If only the Srebrenica victims were my most salient memory of that hatred. They are not.

In the last days of the war I saw something in the yawning doorway of a derelict house outside Sanski Most, in western Bosnia, that 13 years later still zips through my mind untouched by time. The garden outside was an overgrown tangle of grass and a hot afternoon sun bleached the colour from the walls of the building, earlier burnt by advancing Serb troops. A sweet stench weighted the breeze. By then I had seen hundreds of bodies, most Muslim, most civilian, murdered out of combat by knife or bullet. Even so, I was unprepared for what waited in that house.

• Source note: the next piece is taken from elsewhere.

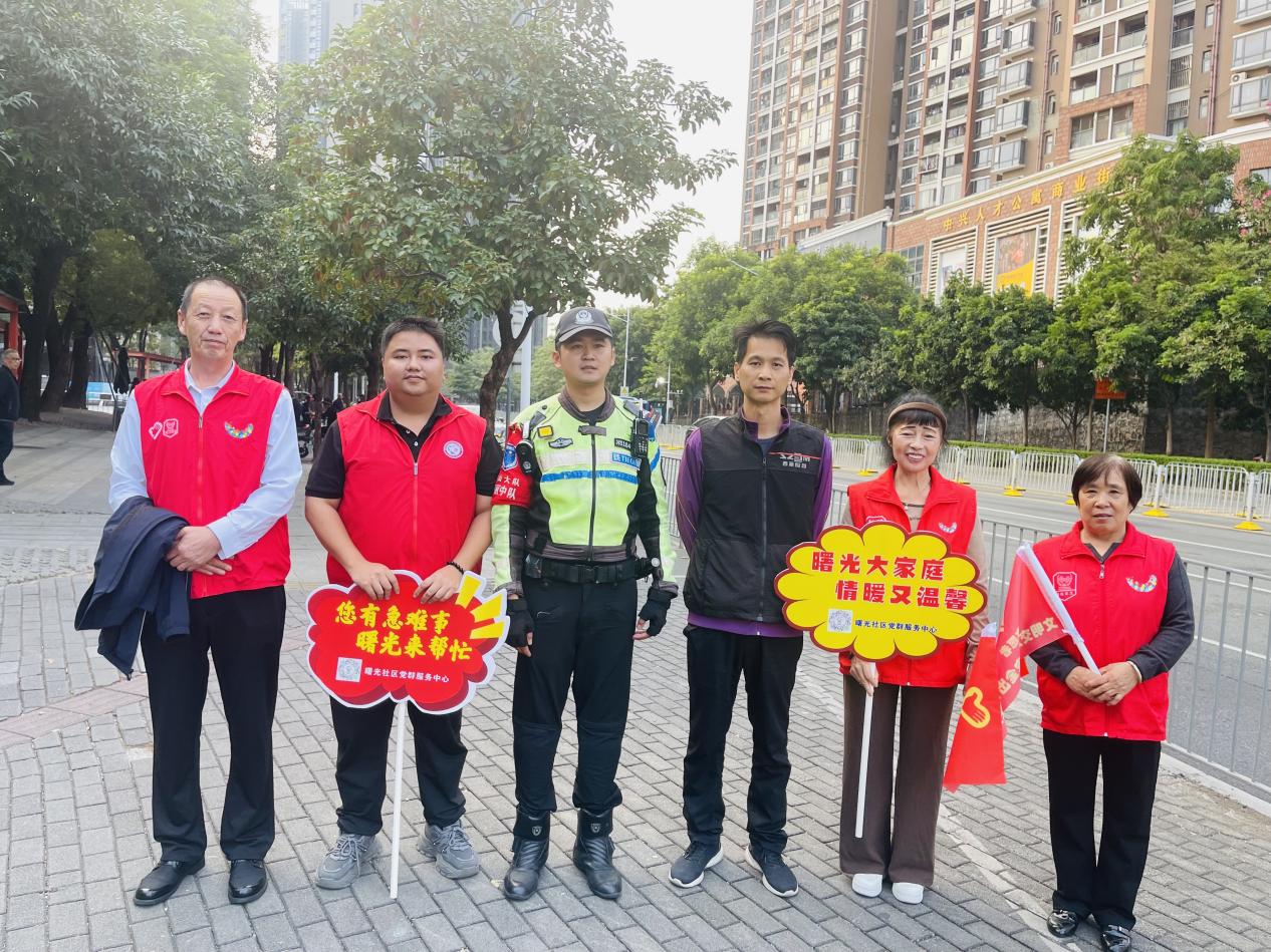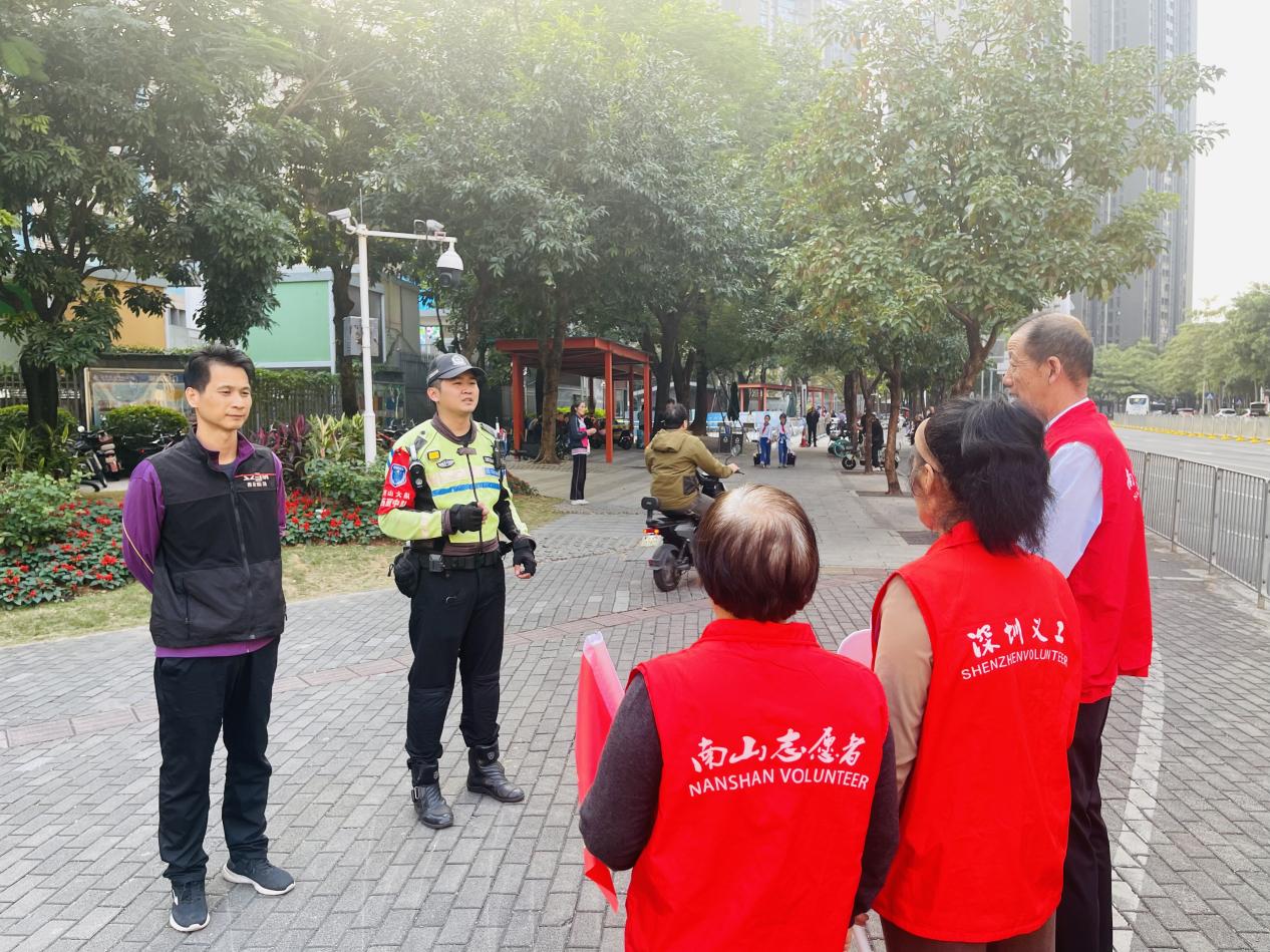 下午放学时段,深中南山创新学校十字路口人流如织。身着鲜红马甲的志愿者手持引导旗,以标准手势示意车辆暂停,一队小学生安全通过斑马线……这井然有序的一幕,正是南山区西丽街道曙光社区“校警社”三方联动交通劝导志愿服务启动后的一幕。
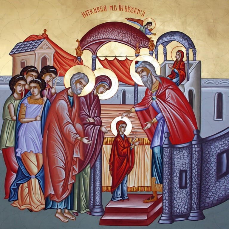 История праздника и молитва «О Пресвятая Дево, Царице небесе и земли, прежде век избранная Невесто Божия, в последняя же времена пришедшая в храм законный на обручение Жениху небесному! Ты оставила еси люди Твоя и дом отца Твоего, во еже принести Себе в жертву чистую и непорочную Богови, и первая дала еси обет всегдашняго девства. Даруй же и нам соблюдати себе в целомудрии и чистоте и в страсе Божием во вся дни живота нашего, да будем храми Духа Святаго, наипаче же помози всем, в подражание Твое во обителех живущим и обручившим себе на служение Богови, в чистоте девства провождати житие свое и от юности нести иго Христово благое и легкое, свято храняще обеты своя. Ты провела еси, Всечистая, вся дни юности Твоея во храме Господнем далече от соблазнов мира сего, в присном бодрствовании молитвенном и во всяком воздержании душевном же и телеснем, помози убо и нам отражати вся искушения вражеская от плоти, мира и диавола находящая на ны от юности нашея, и побеждати оная молитвою и постом. Ты бо, во храме Господнем со Ангелы пребывающи, украсилася еси всеми добродетельми, наипаче же смирением, чистотою и любовию, и достойно воспиталася еси, да готова будеши вместити плотию невместимое Слово Божие. Сподоби же и нам, одержимым гордостию, невоздержанием и леностию, облещися во всякое совершенство духовное, да уготовает кийждо от нас с помощию Твоею одеяние брачное души своея и елей доброделания, да не нази и неготови явимся во сретение безсмертному Жениху нашему и Сыну Твоему, Христу, Спасителю и Богу нашему, но да приимет ны с мудрыми девами во обители райския, идеже со всеми святыми сподоби нас выну славити и прославляти всесвятое имя Отца и Сына и Святаго Духа и Твое милостивое заступление всегда, ныне и присно и во веки веков. Аминь.»

For a few moments after walking through the door I could not understand what I was looking at. The walls and ceiling appeared splattered in black, undefinable lumps, the floor was concealed by a gateau of twisted limbs and swollen torsos. It was as if an abstract charcoal sketch by Goya had come to life. Slowly, as my eyes became accustomed to the light, I could make out that there were 12 bodies. Then I saw their heads, or what was left of them. For these 12 men had been killed with a sledgehammer.

Before and since I have seen greater numbers of victims of execution. But the level of effort and involvement and hatred required to shepherd 12 men into a room, then smash in their heads with a hammer, left more of an impression than the horror of the mutilation itself and transcended the mere scale of murder.

Separated by time and geography from the scene of crime, Dr Karadzic looks an unlikely war criminal. Even the crimes with which he is charged sound clinical – until the memories come back, and ‘ethnic cleansing’ and ‘genocide’ stop being words but walls coated in skull fragments and brain.